За окном зазвенели детские голоса. Боярин сказал:
- Дьяк, кто там воет?
Ефим спешно кинулся и, приоткрыв окно, взглянул.
- Козацки робята, боярин! Вишь, с поля идут, рожи царапаны. Не впервой
- ежедень в бои играют.
Голоса приближались, задорно пели:
Дунай, Дунай, Дунай,
Сын Иванович Дунай;
Ты гуляй, казак, гуляй, -
Воевод лихих не знай...
Гей, Дунай, Дунай, Дунай.
Боярин, вытянув на столе сухую желтую ладонь, сжал ее в кулак:
- У батек переняли песню? Ужо, шарпальники, землю и спины вам распашем
и воевод лихих посадим! А ну, дьяк, перечти-ка грамоту, да подпишусь, и
припечатаем...
12
Разин сидит в шинке против распахнутой настежь двери. Кудри упали на
лицо... За тем же широким, черным от многих питий столом сидят молодые
казаки: Васька Ус и с бледным лицом, с шрамом на левой скуле, худощавый,
костистый Сережка Кривой. Мертвый под бельмом глаз прищурен, правый остро
и жадно глядит; блестит в ухе кольцо золотой серьги. Пьют крепкий мед из
смоляной бочки, что у шинкаря за стойкой. Черноволосый грек зорко сторожит
казацкие деньги; ждет, когда крикнут: "Подавай!"
Против дверей вдали - палисад городской стены, ровен с землей - белая
полоса берега Дона пылит дымной пылью, серебряной парчой светится Дон. Ряд
боевых челнов застыл, чернея четко на рябоватом блеске воды.
- Купчины с Воронежа дадут пороху, свинцу! - сказал Ус.
- А тут они, в городе?
- У сородичей в Скородумовой есть все!
- А у меня, браты, есть боярское узорочье.
Разин поднял руку с медным кубком и опустил; затрещала столовая доска,
вздрогнули стены от голоса:
- Соленой, меду-у!
Грек выскочил из-за стойки, поставил, поклонившись, железный кувшин на
стол:
- Менгун, козаки, менгун...
- Сатана! Даром не можно?
Разин кинул на стол талер.
- Узорочье есть, то сказывать нече, - челны набьем свинцом и - гулять!

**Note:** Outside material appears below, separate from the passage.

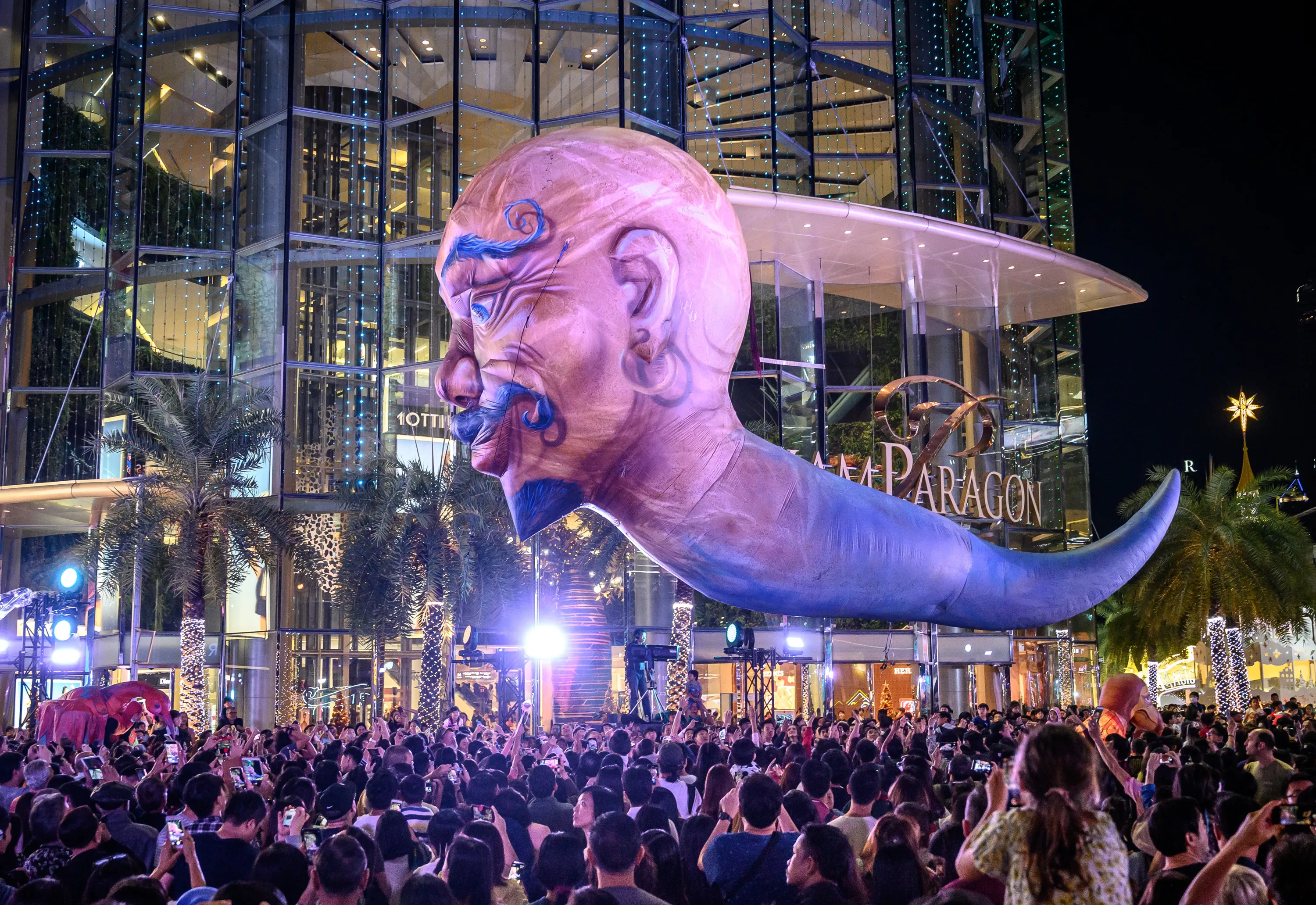 A giant balloon representing a mythical creature flies over the crowd during “The Quest of Adventure in the World of Magical Tales” Christmas show performed by French group Plasticiens Volants in Bangkok on December 8, 2019. (Photo by Mladen Antonov/AFP Photo)

- Руки есть, головы - на плечах!
- Пьем, браты! Ишь, сколь серебра на Дону, простору хочется!
- Браты мы, Степан. Руку, дай руку! - Жилистая рука с длинными
узловатыми пальцами протянулась через стол. Разин скрыл ее, сжав. Сверху
легла широкая лапа с короткими жесткими пальцами Васьки Уса.
- А тож я брат вам, казаки!
- Пей, допивай!
- Допьем, Степанушко!
- А ты, Степан, опасись Корнея - не спуста отец твой Тимоша не любил
его...
- Сережка, знаю я, все знаю...
- Нынче, Степан, тебя в атаманы?
- Можно! Иду...
Мимо дверей всех шинков прошел казак-глашатай, бивший палкой по
котлу-литавре, висевшей на груди на кушаке.
- Гей, гей, казаки! К станичной батько кличет...
- Зряще ходим мы сколь дней, - круче решить надо, а то атаман опятит!
- Не опятит, Серега, гуляем!..
Встали, пошли, тяжелые, трое...
13
Молодуха Олена, повязав голову синим платом из камки, косы, отливающие
золотом, наглухо скрыла. На широких бедрах новая плахта, ходит за мужем,
пристает, в глаза заглядывает:
- Ой, Стенько, сколь ден душа болит, - что умыслил, скажи?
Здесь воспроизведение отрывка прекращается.